──────── EXERCISE MATERIAL ────────
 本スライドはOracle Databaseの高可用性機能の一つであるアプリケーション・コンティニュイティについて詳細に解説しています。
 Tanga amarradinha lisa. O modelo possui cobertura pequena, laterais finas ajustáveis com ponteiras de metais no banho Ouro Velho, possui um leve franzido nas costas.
────────
──────── EXERCISE MATERIAL ────────
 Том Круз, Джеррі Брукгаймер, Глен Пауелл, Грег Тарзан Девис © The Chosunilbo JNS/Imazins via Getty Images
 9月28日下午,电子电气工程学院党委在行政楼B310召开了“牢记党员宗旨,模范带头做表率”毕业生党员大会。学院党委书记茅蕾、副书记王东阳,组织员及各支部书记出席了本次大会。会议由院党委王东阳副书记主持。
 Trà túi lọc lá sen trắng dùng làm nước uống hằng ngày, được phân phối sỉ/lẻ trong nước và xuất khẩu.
────────
──────── EXERCISE MATERIAL ────────
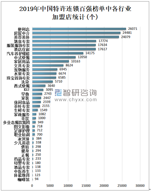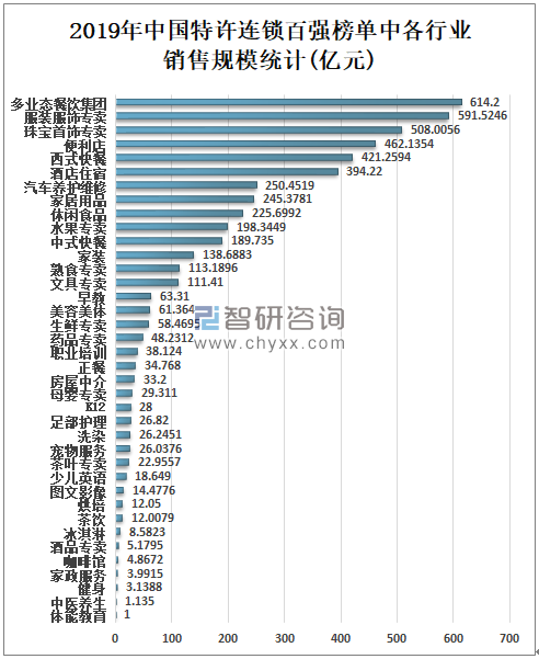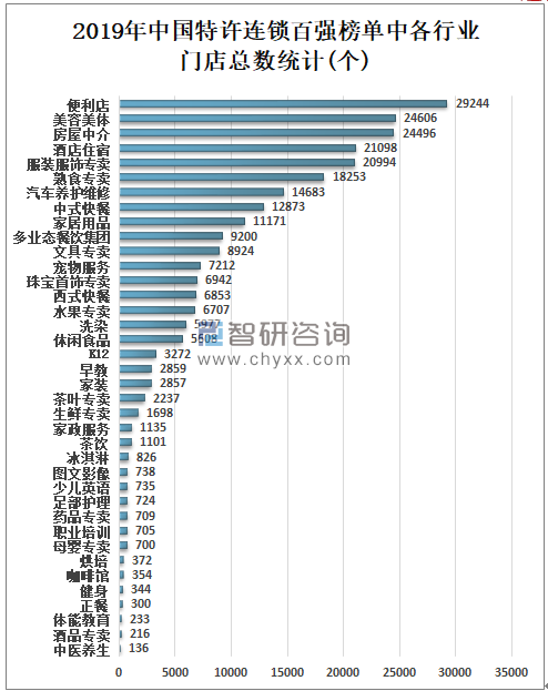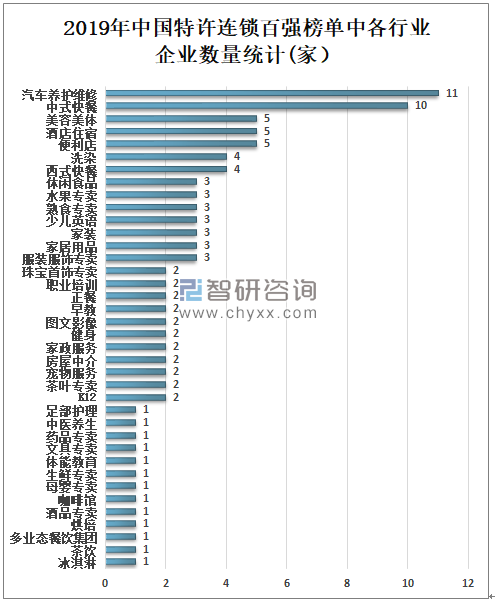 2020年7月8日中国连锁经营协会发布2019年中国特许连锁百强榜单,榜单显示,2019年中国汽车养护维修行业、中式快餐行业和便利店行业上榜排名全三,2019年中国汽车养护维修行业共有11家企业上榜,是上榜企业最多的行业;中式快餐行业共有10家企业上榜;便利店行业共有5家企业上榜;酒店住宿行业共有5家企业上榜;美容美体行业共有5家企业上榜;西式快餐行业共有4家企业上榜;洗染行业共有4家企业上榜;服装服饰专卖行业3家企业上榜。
────────
* [EXERCISE GOAL]:
From the entries above, print the lines beginning at the one with "Том Круз, Джеррі" and stopping after the one with "Trà túi lọc", exactly as written and with nothing else.

* [ANSWER]:
 Том Круз, Джеррі Брукгаймер, Глен Пауелл, Грег Тарзан Девис © The Chosunilbo JNS/Imazins via Getty Images
 9月28日下午,电子电气工程学院党委在行政楼B310召开了“牢记党员宗旨,模范带头做表率”毕业生党员大会。学院党委书记茅蕾、副书记王东阳,组织员及各支部书记出席了本次大会。会议由院党委王东阳副书记主持。
 Trà túi lọc lá sen trắng dùng làm nước uống hằng ngày, được phân phối sỉ/lẻ trong nước và xuất khẩu.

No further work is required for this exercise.